23 October 2015:
Although SA customers of fuel service stations are less satisfied than the last time the industry was rated in 2013, they gave the industry a high satisfaction score of 78.6 out of 100, according to the South African Customer Satisfaction Index
(SAcsi) released today.
SAcsi is a national economic indicator of customer satisfaction in the quality of products and services available to household consumers in South Africa. The index surveyed 2301 customers of Sasol, Caltex, Shell, Total, Engen, and BP during the last two months.
Sasol emerged as industry leader at 80.9 out of 100, with its customers naming it as the ideal petrol station. Shell (79.8), Total (78.7), Engen (78.2), Caltex (77.9) and BP (77.4) were all statistically on par with the industry average.
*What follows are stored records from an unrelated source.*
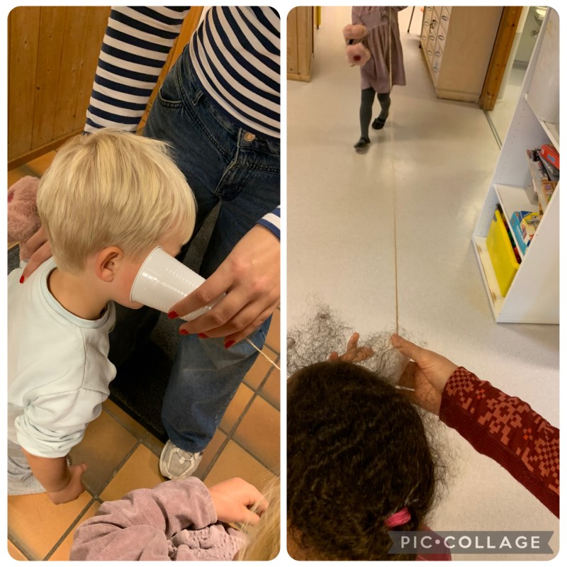 krøllet, glass som «skålte», lego som ble «rotet i», knipselyd osv..) Vi har også snakket endel om kroppen innvendig. De ulike organene, skjellett og blod. Barna er nysgjerrige og vi opplever at de får en fin begynnende forståelse av kropp. Vi har lyttet i pappkrus festet med en hyssing, med lang avstand. Da bærer lyden helt til andre enden! Spennende...
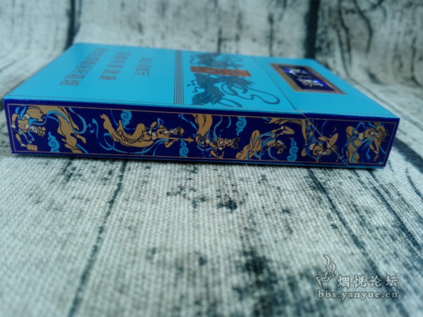 此款中支规格的长天滕王阁,属于宽版烟盒系列。烟盒的宽度是65mm,高度是90mm(烟支的整体长度是88mm,稍长于普通规格的84mm款式)。整体主色调以中蓝色泽为主(因为光线与拍摄手法,图片中的蓝色显得有些淡),上下左右四个侧面饰以深蓝色调的图案。之所以名之长天,取王子安千古名篇《滕王阁序》中的“落霞与孤鹜齐飞,秋水共长天一色”。同理,渔舟唱晚、物华天宝(普软)、长天一色(普硬)、人杰地灵(普细)和紫光等名称,也是出自于此名篇。
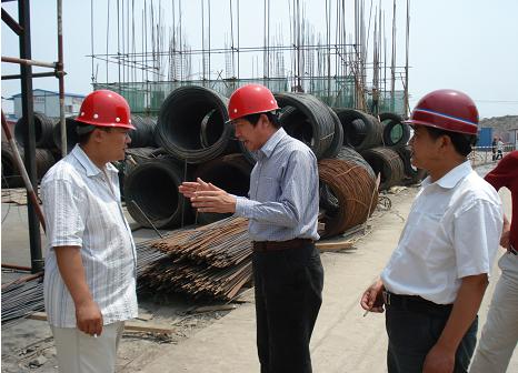 從6月8日上午開始,費總一行深入到天津分公司承建的天津陽光壹佰、天津市房地產開發公司程新道Ⅲ標段、天津市昆俞北路D塊限價商品房和唐山市玉田鳳凰春城鳳棲園等工地進行了考察。根據天津分公司匯報,天津分公司成立近三年來,已承接了天津市建委西青區南運河地塊經濟適用房Ⅱ標段13#-18#樓,建筑面積48000平方米,層高17-18層,造價6400萬元,工程基本竣工。天津市房地產開發公司程新道Ⅲ標段17#-26#樓,建筑面積43000平方米,層高14層,造價7300萬元,工程已近尾聲。天津陽光壹佰16#-23#樓,建筑面積15000平方米,層高6層,造價3000萬元,工程結構已封頂,進入內外裝飾階段。天津市昆俞北路D塊限價商品房8幢樓,建筑面積42000平方米,層高10-18層,造價7400萬元,工程4月中旬破土動工,目前8幢樓結構都已上到二層以上。天津市大港區海濱園小區3幢樓,建筑面積38000平方米,層高22層,造價7400萬元,該工程于6月10日開工。唐山玉田鳳凰春城鳳棲園4幢樓,建筑面積68000平方米,層高18-22層,造價9000多萬元,目前以5-6天一層結構的施工速度搶抓工期。到目前,天津分公司已承攬施工任務255000多平方米,工程造價4.3億元。
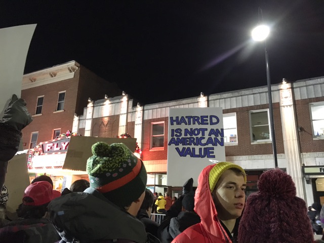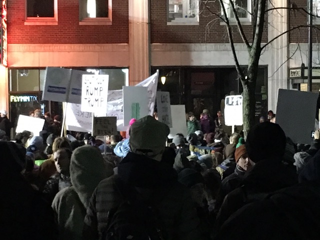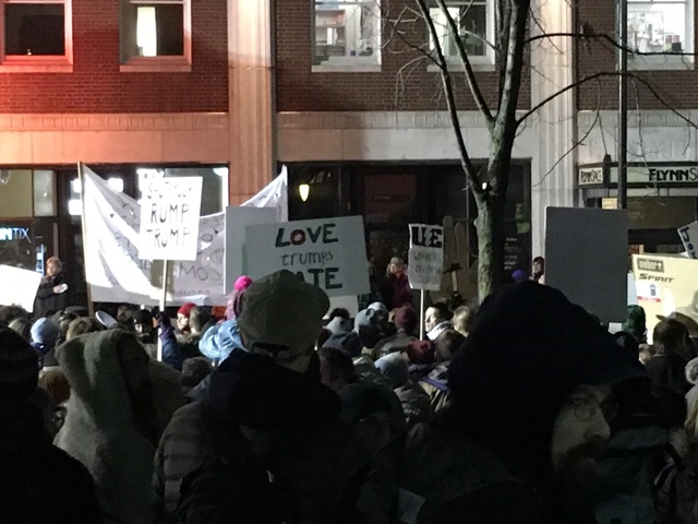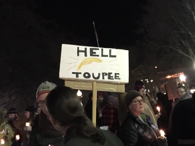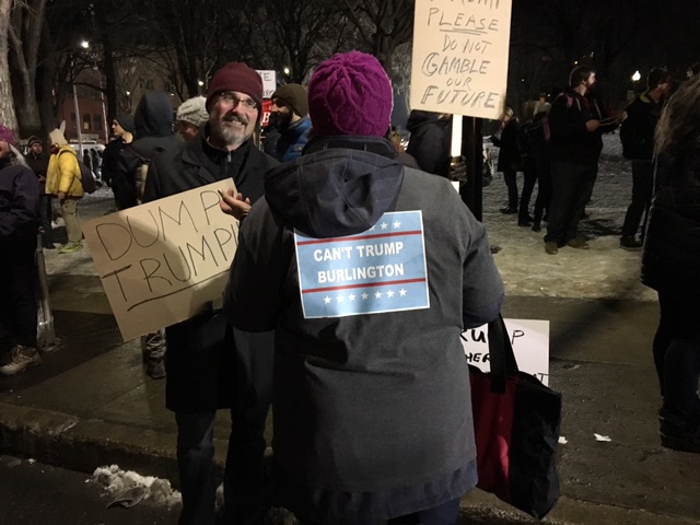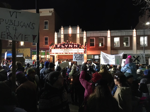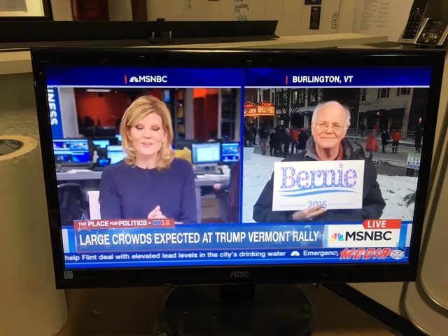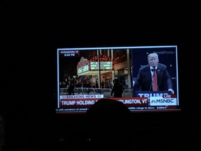 Just back from quite an adventure. Donald Trump came to burlington.. and I wanted to be part of the group that was there to show him that Vermont didn’t need his message of hate and intolerence . (wait.. if I’m intolerant of intolerence.. what does that make me ? )

Prof. Adré Schreuder
, founder of SAcsi and CEO of Consulta
, says that the decline is not significant since the last measure, particularly when one takes into account that the 2013 industry scored the highest customer satisfaction score at the time.
“Perceptions play an integral role in customer satisfaction. “It is interesting to see that although there is no significant price differentiation between the various brands in terms of the fuel price, customers perceive the value that they receive from the various service stations differently,” he says. “This means that perceived value at fuel service stations is influenced by elements other than the price of fuel,” he says.
Customers have higher expectations of Sasol and Shell, which Prof. Schreuder says could be due to the established reputations of the brands. Sasol and Shell again scored highest in terms of perceived quality at 83.3 and 83.2 respectively. Perceived value is slightly higher in 2015 at 77.4 out of 100 (2013: 77.2).
The number of complaints in the industry has risen 1.4% overall. While Sasol has the lowest number of complaints (6%), it is the market leader when it comes to complaint handling (70.8 out of 100 complaints are satisfactorily resolved). Complaints tended to centre on service issue, the quality of petrol and product availability.
“Fuel station brands that would like to increase their scores should consider a special focus on improving service levels. This industry has high loyalty scores of 77.9% overall, so it would be a worthwhile to keep pursuing customer satisfaction,” says Prof. Schreuder.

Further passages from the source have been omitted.